Read any inspiring books lately? They don't need to be business books, but I'm always interested in knowing what inspires. My favorite of the last couple of years is the autobiography of Starbucks builder Howard Schultz, entitled: 'Pour Your Heart Into It.'

I absolutely love the part where he is trying to raise capital for what we now know is a phenomenal biz, but back then was being derided by naysayers as 'a coffee shop.' Isn't this 'coffee-bar concept' a bit loopy, Schultz was repeatedly asked by investors. They pointed out, among a million other objections, that coffee consumption in the U.S. had been declining for more than 20 years. In a year, he asked 242 to help finance his company; 217 said no.
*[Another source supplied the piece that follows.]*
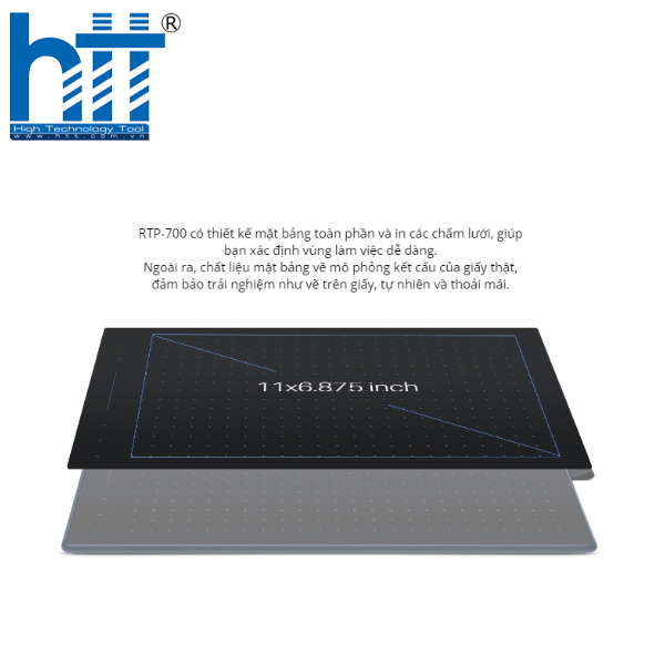 Bảng vẽ điện tử Huion RTP-700 được thiết kế với kích thước tổng thể 345.6 x 214.8 x 8.5 mm, trọng lượng chỉ 637g, mang lại cảm giác mỏng nhẹ và dễ dàng di chuyển. Với vùng hoạt động lên đến 279.4 x 174.6 mm (11 x 6.875 inch), thiết bị cung cấp không gian làm việc rộng rãi, thoải mái cho các thao tác vẽ tay, phác thảo, ghi chú hay chỉnh sửa hình ảnh.

The others helped pony up the $1.25 million original raise.

Schultz sums it up by encouraging all of us to think big big big. 'If you want to achieve widespread impact and lasting value, be bold,' he writes. 'Who wants a dream that's near-fetched?' What a great line!


6 comments

David Berkowitz - 4/8/2004 11:08:56 AM
One more that fits is 'Moneyball' by Michael Lewis, the story of Oakland A's manager Billy Beane. It shows just how far you can go by constantly questioning the prevailing logic, which is too often wrong but convenient.
Dave Berkowitz - 4/8/2004 11:06:45 AM
A couple of the best I've read recently are 'Love is the Killer App' by Tim Sanders, a book advocating the sharing of networks, knowledge, and compassion, and the ultra-insightful 'Management of the Absurd' by Richard Farson, which is smarter than it is inspirational but still worth recommending.
Curt Rosengren - 4/7/2004 1:02:17 AM
I just finished Liv and Anne's book. Incredible. And surprisingly, not for the reasons I mentioned above. It was because of the impact they made on kids and people in general around the world.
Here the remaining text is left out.